Data listing:
--- --- ---

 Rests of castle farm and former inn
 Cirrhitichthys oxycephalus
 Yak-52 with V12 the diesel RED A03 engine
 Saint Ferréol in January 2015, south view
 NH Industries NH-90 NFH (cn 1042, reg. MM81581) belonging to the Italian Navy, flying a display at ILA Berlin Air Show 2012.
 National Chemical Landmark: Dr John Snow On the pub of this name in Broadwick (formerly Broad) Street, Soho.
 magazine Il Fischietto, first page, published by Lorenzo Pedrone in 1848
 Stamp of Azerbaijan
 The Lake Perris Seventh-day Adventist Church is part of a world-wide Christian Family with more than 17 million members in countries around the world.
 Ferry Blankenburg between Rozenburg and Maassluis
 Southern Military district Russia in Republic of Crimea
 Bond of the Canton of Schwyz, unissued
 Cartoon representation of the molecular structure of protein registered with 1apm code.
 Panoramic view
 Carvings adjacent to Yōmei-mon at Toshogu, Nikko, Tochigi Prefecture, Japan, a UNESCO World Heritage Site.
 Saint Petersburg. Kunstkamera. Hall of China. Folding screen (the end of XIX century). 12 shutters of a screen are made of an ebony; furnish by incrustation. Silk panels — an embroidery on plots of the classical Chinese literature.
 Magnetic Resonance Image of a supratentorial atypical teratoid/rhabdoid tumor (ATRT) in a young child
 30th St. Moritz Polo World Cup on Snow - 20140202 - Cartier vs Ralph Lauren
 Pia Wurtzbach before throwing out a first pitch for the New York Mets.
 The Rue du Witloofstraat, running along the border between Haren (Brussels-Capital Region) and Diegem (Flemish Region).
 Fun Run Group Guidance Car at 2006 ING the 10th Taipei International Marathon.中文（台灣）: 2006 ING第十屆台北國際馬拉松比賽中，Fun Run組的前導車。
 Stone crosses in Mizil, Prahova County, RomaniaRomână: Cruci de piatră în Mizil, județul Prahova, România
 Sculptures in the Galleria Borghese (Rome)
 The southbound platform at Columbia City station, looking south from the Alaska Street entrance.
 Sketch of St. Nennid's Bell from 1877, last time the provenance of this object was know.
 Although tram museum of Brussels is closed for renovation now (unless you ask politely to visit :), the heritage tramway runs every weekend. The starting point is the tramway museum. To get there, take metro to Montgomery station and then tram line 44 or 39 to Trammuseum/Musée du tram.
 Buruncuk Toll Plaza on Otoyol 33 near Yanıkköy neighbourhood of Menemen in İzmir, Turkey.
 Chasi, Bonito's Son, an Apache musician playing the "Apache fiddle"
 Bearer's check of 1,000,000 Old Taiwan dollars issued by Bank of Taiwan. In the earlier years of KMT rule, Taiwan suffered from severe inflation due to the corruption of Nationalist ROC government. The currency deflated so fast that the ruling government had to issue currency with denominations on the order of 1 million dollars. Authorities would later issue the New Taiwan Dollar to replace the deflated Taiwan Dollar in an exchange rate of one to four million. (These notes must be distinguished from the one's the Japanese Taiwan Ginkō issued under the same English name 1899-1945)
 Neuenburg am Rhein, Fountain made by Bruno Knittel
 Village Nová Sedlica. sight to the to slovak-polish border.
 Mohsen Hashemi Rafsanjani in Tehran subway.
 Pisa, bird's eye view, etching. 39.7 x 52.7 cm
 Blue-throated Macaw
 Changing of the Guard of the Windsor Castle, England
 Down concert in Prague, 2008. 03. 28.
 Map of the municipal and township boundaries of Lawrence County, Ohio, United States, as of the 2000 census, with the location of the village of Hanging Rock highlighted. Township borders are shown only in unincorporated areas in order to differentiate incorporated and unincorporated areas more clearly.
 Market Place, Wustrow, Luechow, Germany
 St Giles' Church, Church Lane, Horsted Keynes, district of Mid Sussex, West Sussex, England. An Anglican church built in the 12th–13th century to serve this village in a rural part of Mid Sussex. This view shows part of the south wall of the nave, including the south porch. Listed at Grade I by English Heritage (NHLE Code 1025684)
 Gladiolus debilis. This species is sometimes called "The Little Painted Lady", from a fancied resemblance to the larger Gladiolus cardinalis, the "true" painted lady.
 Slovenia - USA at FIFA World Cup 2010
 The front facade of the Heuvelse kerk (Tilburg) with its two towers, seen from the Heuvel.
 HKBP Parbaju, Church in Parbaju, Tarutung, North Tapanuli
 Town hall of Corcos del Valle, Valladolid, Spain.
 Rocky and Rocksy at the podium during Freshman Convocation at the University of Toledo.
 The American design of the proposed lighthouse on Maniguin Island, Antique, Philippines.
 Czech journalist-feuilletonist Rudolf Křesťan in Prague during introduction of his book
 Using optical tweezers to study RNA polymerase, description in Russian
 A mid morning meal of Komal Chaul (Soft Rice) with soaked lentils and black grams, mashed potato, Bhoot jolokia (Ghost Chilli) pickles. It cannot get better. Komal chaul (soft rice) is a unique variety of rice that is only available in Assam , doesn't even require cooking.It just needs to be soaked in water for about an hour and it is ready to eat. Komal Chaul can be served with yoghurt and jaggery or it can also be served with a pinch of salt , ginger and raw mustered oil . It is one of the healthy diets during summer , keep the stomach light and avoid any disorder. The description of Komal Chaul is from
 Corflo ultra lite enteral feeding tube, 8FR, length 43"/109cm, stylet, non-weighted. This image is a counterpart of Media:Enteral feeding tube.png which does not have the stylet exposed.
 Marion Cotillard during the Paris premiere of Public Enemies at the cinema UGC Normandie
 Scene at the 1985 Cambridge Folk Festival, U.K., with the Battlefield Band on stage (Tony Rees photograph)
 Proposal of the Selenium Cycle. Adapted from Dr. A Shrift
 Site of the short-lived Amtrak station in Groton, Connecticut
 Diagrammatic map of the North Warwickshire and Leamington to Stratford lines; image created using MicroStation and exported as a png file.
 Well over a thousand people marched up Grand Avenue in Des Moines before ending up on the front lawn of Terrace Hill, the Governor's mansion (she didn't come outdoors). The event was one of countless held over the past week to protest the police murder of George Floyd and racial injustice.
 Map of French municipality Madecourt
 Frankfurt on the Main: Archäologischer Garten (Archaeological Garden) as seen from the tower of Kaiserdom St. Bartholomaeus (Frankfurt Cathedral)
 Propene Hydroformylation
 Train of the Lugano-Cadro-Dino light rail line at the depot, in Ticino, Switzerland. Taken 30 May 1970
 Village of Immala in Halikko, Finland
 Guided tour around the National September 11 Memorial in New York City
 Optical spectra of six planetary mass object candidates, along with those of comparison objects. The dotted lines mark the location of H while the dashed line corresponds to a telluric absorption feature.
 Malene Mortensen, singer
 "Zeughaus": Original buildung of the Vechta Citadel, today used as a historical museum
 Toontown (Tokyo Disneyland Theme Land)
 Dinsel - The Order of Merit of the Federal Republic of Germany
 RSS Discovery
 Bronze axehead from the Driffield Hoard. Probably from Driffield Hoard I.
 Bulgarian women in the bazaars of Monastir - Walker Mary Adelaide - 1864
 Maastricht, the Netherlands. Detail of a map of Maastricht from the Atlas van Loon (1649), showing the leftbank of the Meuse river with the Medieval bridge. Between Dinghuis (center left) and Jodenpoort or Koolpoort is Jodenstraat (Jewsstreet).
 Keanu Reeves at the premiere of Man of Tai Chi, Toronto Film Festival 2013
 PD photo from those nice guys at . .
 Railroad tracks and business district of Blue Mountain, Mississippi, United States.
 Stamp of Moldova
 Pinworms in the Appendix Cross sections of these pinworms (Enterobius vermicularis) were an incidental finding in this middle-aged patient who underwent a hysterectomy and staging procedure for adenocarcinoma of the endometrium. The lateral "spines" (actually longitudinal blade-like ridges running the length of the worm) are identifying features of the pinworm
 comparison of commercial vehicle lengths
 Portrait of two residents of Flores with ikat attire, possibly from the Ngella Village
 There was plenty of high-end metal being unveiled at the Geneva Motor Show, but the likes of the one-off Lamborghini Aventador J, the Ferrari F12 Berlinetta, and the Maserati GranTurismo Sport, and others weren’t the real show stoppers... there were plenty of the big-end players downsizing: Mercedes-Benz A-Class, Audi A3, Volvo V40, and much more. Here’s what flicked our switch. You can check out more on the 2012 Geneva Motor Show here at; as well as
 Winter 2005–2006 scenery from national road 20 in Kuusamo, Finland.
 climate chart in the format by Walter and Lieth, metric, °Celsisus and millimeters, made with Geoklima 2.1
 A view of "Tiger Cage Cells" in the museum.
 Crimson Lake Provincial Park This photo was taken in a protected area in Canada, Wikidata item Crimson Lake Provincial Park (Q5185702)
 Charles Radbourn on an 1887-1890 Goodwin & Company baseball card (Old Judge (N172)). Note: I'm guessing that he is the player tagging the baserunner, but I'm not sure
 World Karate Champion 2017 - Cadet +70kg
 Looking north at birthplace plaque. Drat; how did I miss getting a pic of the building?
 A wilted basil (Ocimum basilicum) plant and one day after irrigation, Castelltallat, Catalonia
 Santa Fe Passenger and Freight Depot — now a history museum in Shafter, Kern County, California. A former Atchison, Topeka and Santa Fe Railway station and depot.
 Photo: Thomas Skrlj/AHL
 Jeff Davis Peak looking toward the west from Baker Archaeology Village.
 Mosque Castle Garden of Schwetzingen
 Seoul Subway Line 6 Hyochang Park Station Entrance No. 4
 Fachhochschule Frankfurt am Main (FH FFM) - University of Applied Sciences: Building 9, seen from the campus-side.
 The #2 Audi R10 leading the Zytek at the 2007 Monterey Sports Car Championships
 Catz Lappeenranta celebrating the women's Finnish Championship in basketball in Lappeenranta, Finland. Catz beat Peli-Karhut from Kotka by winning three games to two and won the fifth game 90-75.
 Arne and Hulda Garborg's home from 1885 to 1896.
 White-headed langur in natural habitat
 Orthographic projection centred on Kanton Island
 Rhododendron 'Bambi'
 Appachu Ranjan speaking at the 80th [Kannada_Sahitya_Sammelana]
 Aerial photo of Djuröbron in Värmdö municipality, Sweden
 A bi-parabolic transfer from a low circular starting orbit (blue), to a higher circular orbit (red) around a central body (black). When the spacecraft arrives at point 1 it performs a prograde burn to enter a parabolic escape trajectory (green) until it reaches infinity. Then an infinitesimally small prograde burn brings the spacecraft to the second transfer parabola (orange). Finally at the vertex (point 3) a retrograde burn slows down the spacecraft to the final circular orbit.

--- --- ---

Work order: Only the lines above, from the first through the one holding "Carvings adjacent to", are to be output, and they must be copied exactly.

Output:
 Rests of castle farm and former inn
 Cirrhitichthys oxycephalus
 Yak-52 with V12 the diesel RED A03 engine
 Saint Ferréol in January 2015, south view
 NH Industries NH-90 NFH (cn 1042, reg. MM81581) belonging to the Italian Navy, flying a display at ILA Berlin Air Show 2012.
 National Chemical Landmark: Dr John Snow On the pub of this name in Broadwick (formerly Broad) Street, Soho.
 magazine Il Fischietto, first page, published by Lorenzo Pedrone in 1848
 Stamp of Azerbaijan
 The Lake Perris Seventh-day Adventist Church is part of a world-wide Christian Family with more than 17 million members in countries around the world.
 Ferry Blankenburg between Rozenburg and Maassluis
 Southern Military district Russia in Republic of Crimea
 Bond of the Canton of Schwyz, unissued
 Cartoon representation of the molecular structure of protein registered with 1apm code.
 Panoramic view
 Carvings adjacent to Yōmei-mon at Toshogu, Nikko, Tochigi Prefecture, Japan, a UNESCO World Heritage Site.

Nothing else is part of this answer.